- Interactive map of Apia Samoa Temple
- Number: 22
- Dedication: 5 August 1983, by Gordon B. Hinckley
- Site: 2 acres (0.81 ha)
- Floor area: 18,691 ft^{2} (1,736.5 m^{2})
- Height: 75 ft (23 m)
- Official website • News & images

Church chronology
| ← Atlanta Georgia Temple | Apia Samoa Temple | → Nuku'alofa Tonga Temple |

Additional information
- Announced: 15 October 1977, by Spencer W. Kimball
- Groundbreaking: 19 October 1981, by Dennis E. Simmons
- Open house: 19–30 July 1983 6–27 August 2005
- Rededicated: 4 September 2005, by Gordon B. Hinckley
- Current president: Uele Va’aulu
- Designed by: Naylor, Wentworth, Lund
- Location: Apia, Samoa
- Coordinates: 13°50′17″S 171°46′59″W﻿ / ﻿13.83806°S 171.78306°W
- Exterior finish: Granite
- Baptistries: 1
- Ordinance rooms: 2 (two-stage progressive)
- Sealing rooms: 2
- Clothing rental: Yes
- Notes: The original Samoa temple was dedicated in 1983 and destroyed by fire while the temple was closed for renovations in 2003. This new temple of a similar design was built on the same site although it is substantially larger.
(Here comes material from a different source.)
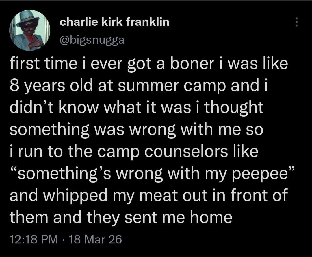 ShaqSenju on March 18, 2026 10:58 pm I had to have that talk with my girl’s nephew randomly in a movie theater bathroom. He was crying at the urinal lmao “Everything ok over there buddy?” “No 🥺 my wee wee won’t go down.’ “Huh?? It won’t go down??””
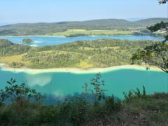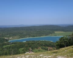 Entre base de loisirs et nature préservée, plages de sable fin et sentiers de randonnée balisés, le lac de Chalain réunit les amateurs de rando et de pédalo autour de ses eaux incroyablement vertes, résultat d’un processus géologique enclenché il y a plusieurs milliers d'années. Au pied du premier plateau du massif jurassien, ce lac d’origine glaciaire étale ses 232 hectares de lagon turquoise entre Fontenu, Marigny et Doucier, falaises calcaires et forêt de résineux. La beauté du site naturel, le faible dénivelé et la possibilité de se baigner en font une destination rando familiale parfaite.

The LDS Church continues to list this as the 22nd operating temple, in accordance to its original dedication date.

= Apia Samoa Temple =

Latter-day Saints temple in Samoa

The Apia Samoa Temple is a temple of the Church of Jesus Christ of Latter-day Saints, located in Pesega, near Apia, Samoa. The intent to build the temple was announced on October 15, 1977, by church president Spencer W. Kimball. A groundbreaking ceremony was held on February 19, 1981, also presided over by Kimball. It was the first built in Samoa, the third in Polynesia, and church's 22nd operating temple. The temple has a modern, single-spire design finished in granite, with a statue of the angel Moroni on its top.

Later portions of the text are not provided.